Practical R for Mass Communication and Journalism

4.4 Import data from packages

In the last chapter, I showed how to import government and financial data directly into R using the quantmod package. There are other packages that will let you access data directly from R.

The aptly named weatherdata package on CRAN can pull data from the Weather Underground API, which has information for many countries around the world. (An API, or Application Programming Interface, is a service that makes data available in a structured way so developers can easily access it when designing their software.)

The rnoaa package, a project from the rOpenSci group, taps into several different U.S. National Oceanic and Atmospheric Administration data sets including daily climate, buoy, and storm information.

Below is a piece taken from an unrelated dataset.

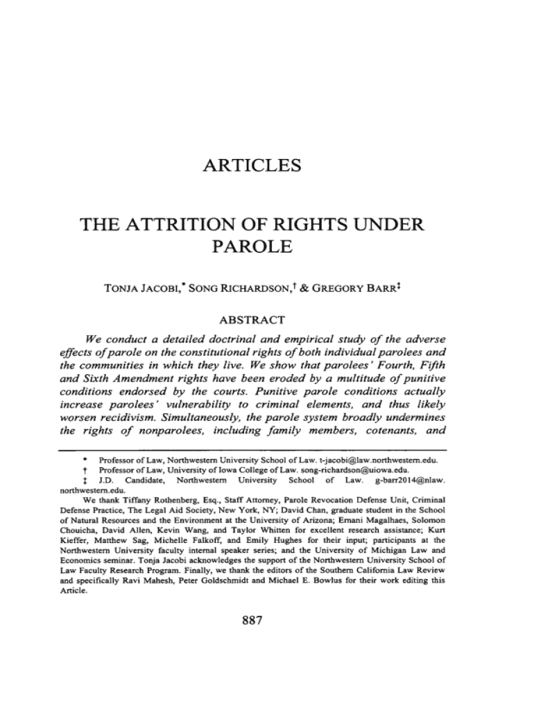 ARTICLES THE ATTRITION OF RIGHTS UNDER PAROLE TONJA JACOBI,* SONG RICHARDSON, 1 & GREGORY BARR ABSTRACTWe conduct a detailed doctrinal and empirical study of the adverse effects ofparole on the constitutionalrights
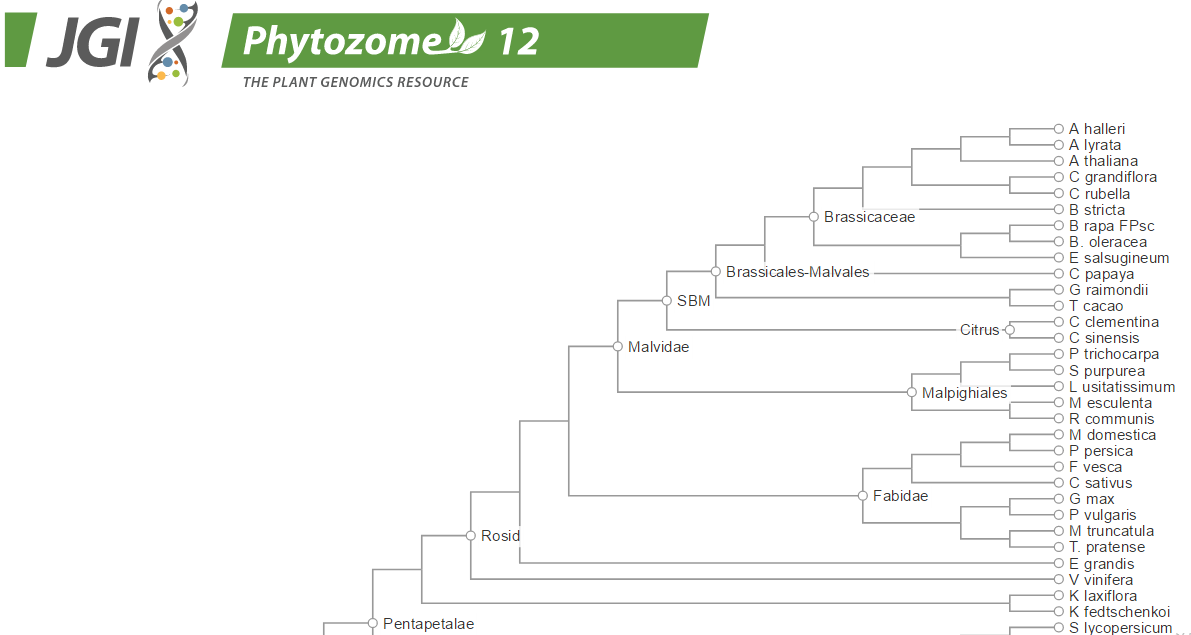 Phyzome(https://phytozome.jgi.doe.gov/pz/portal.html)。

If you are interested in state or local government data in the US or Canada, you may want to check out RSocrata to see if an agency you’re interested in posts data there. I’ve yet to find a complete list of all available Socrata data sets, but there’s a search page at https://www.opendatanetwork.com. Be careful though: There are community-uploaded sets along with official government data, so check a data set’s owner and upload source before relying on it for more than R practice. “ODN Dataset” in a result means it’s a file uploaded by someone in the general public. Official government data sets tend to live at URLs like https://data.CityOrStateName.gov or https://data.CityOrStateName.us. I’ll walk you through pulling some New York City restaurant inspection data with RSocrata a few chapters from now.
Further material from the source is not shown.